Syrian President Bashar al-Assad visited Oman on Monday, his first official trip to the Gulf country in more than a decade of civil war at home, the Omani foreign ministry said.
The one-day trip to meet with Sultan Haitham bin Tareq came two weeks after a 7.8-magnitude earthquake struck southeastern Turkey and northern Syria, killing more than 44,000 people across both countries.
The February 6 quake sparked Arab outreach to the internationally-isolated Assad government, which was expelled from the Arab League after war broke out in 2011.
Sultan Haitham and Assad “held official talks” at the royal palace in Muscat, Oman’s foreign ministry said in a statement.

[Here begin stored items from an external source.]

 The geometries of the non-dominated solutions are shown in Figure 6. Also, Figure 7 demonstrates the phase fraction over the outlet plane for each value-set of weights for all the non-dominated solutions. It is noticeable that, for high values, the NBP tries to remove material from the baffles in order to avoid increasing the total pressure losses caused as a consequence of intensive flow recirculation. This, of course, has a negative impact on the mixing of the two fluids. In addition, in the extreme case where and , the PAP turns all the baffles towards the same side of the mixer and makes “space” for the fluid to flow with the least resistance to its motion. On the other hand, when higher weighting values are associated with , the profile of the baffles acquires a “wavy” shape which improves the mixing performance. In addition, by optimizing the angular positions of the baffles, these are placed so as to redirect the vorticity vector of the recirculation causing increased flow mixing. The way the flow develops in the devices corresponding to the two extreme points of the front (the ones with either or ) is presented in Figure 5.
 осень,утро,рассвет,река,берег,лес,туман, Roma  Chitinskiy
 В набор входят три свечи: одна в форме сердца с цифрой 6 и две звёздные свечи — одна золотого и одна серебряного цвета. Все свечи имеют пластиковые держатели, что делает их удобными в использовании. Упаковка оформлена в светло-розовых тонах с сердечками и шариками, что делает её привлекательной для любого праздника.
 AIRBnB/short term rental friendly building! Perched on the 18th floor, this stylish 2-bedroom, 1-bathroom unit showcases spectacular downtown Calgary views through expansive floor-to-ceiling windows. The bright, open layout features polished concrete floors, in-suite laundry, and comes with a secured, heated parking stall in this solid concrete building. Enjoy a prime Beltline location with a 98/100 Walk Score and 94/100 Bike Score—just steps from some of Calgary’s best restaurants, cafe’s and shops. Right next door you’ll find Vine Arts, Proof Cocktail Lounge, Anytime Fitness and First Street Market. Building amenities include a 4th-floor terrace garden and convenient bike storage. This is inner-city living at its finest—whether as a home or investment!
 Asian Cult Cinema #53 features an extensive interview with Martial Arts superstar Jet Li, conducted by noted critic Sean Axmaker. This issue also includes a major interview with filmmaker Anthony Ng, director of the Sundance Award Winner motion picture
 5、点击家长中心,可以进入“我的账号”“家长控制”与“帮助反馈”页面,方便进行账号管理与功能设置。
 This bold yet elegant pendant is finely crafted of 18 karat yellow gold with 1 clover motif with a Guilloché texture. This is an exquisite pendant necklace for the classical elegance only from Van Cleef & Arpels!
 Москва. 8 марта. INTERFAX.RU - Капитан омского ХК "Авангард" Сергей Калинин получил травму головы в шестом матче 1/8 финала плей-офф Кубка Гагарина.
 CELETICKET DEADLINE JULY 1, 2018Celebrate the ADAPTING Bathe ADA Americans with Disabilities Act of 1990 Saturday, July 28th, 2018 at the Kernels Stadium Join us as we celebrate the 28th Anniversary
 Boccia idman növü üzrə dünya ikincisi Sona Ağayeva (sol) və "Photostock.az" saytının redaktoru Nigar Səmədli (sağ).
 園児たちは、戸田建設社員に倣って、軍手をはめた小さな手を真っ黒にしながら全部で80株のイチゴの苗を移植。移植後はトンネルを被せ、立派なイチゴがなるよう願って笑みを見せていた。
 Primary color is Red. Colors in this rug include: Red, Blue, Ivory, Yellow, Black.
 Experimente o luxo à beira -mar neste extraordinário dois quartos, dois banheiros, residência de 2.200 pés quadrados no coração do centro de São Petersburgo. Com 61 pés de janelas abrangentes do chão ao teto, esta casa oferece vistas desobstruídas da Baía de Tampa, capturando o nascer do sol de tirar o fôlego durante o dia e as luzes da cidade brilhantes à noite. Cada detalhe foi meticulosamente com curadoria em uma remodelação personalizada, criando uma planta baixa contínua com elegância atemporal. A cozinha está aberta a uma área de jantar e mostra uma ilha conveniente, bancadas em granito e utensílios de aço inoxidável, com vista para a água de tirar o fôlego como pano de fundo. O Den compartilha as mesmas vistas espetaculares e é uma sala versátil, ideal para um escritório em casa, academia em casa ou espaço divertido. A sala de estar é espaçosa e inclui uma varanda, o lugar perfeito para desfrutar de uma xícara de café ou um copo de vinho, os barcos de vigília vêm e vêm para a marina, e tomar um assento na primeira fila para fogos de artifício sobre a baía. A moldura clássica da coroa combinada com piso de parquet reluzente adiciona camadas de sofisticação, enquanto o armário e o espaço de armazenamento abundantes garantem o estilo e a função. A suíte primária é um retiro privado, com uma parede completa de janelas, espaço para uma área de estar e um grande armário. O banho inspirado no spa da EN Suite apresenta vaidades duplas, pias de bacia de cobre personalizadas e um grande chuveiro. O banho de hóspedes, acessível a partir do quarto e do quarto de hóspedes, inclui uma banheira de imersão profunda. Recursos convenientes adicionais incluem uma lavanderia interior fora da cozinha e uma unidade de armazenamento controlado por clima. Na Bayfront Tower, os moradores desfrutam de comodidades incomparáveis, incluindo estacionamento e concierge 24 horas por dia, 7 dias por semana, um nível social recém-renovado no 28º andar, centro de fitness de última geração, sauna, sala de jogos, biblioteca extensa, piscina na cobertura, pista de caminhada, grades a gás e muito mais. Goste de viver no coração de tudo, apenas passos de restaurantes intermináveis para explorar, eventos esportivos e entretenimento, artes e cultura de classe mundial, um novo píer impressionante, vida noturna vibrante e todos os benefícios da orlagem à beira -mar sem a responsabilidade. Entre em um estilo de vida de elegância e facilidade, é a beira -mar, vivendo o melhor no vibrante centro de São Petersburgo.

The Omani ruler “extended anew his condolences and sincere sympathy to…. the president and to the brotherly Syrian people for the victims of the devastating earthquake”, it added.
The two leaders discussed regional issues and bilateral ties before holding a “private meeting”, the statement said without elaborating.
Unlike other Arab Gulf states, Oman never severed diplomatic ties with Damascus.
In Muscat, Assad praised Oman’s “balanced policies” over the years, the Syrian presidency said in a statement.
“The region is now more in need of Oman’s role… to strengthen ties between Arab states on the basis on mutual respect,” the statement quoted Assad as saying.
The United Arab Emirates and Bahrain both restored relations with Assad’s government in 2018.
Assad visited the UAE last year in his first trip to an Arab state since the war began, followed only by Monday’s Oman visit.
Analysts say a diplomatic momentum generated by aid efforts in the quake’s aftermath could bolster Assad’s relations with other countries in the Middle East that have so far resisted normalisation.
Saudi Arabia’s foreign minister said on Saturday a consensus was building in the Arab world that a new approach to Syria would be needed to address humanitarian crises including the quake.
“The status quo is not working and… we need to find some other approach,” Prince Faisal bin Farhan told the Munich Security Conference.
“What that approach is, is still being formulated,” he said.